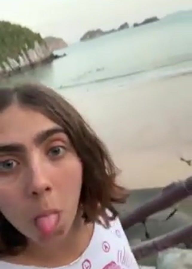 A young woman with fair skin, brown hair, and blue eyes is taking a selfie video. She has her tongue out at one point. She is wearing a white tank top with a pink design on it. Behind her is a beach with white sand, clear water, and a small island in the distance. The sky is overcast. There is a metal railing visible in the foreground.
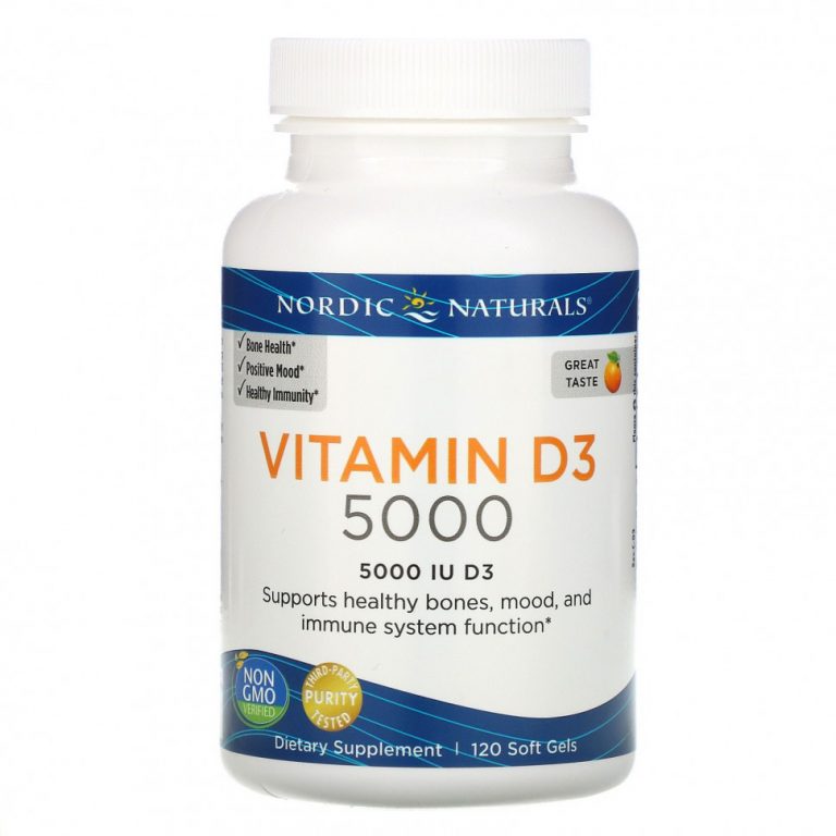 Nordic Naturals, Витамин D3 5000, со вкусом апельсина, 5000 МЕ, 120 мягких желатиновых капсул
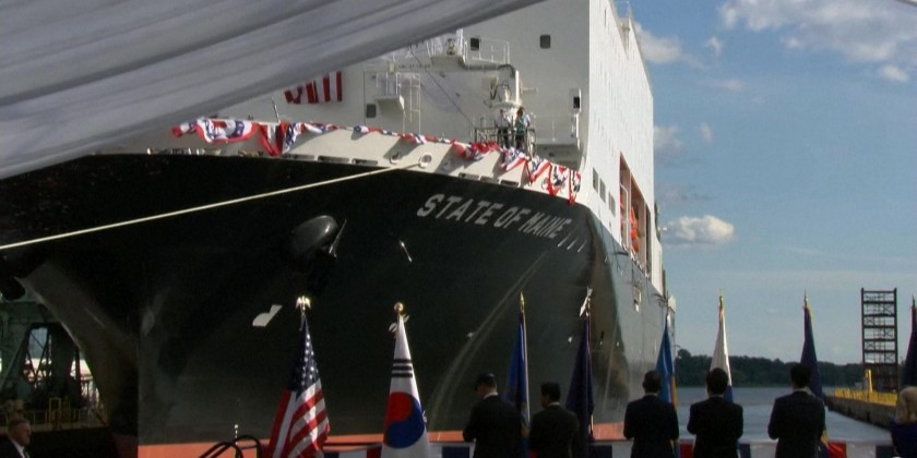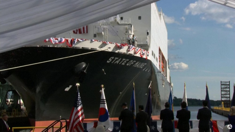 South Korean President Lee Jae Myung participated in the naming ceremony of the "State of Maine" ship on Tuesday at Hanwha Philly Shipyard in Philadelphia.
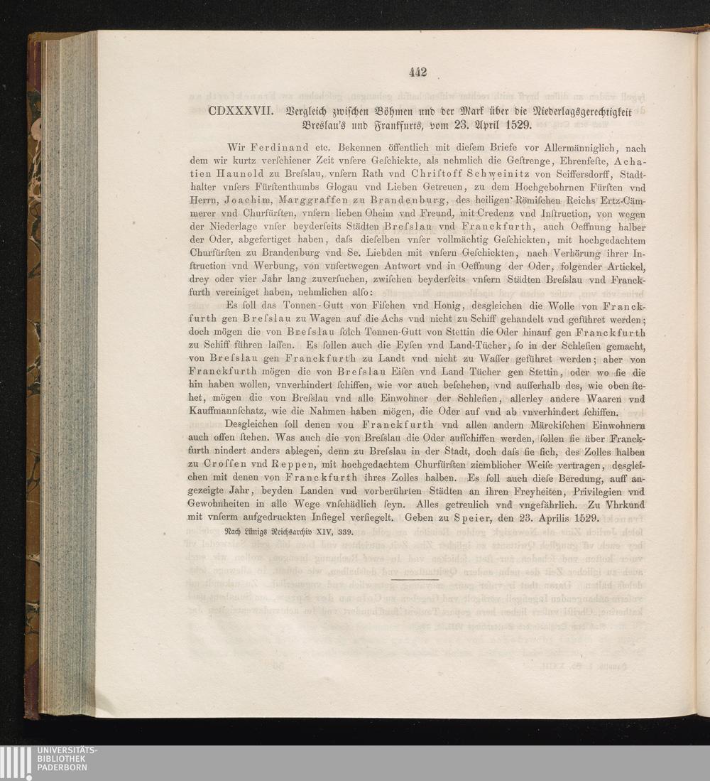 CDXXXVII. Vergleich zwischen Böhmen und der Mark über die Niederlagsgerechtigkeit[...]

----

WHAT THE TASK REQUIRES: Leaving out the pictures, restate each line of the listing above verbatim, from the opening line to the line bearing "Nordic Naturals, Витамин", inclusive, and no more.

YOUR SOLUTION:
 A young woman with fair skin, brown hair, and blue eyes is taking a selfie video. She has her tongue out at one point. She is wearing a white tank top with a pink design on it. Behind her is a beach with white sand, clear water, and a small island in the distance. The sky is overcast. There is a metal railing visible in the foreground.
 Nordic Naturals, Витамин D3 5000, со вкусом апельсина, 5000 МЕ, 120 мягких желатиновых капсул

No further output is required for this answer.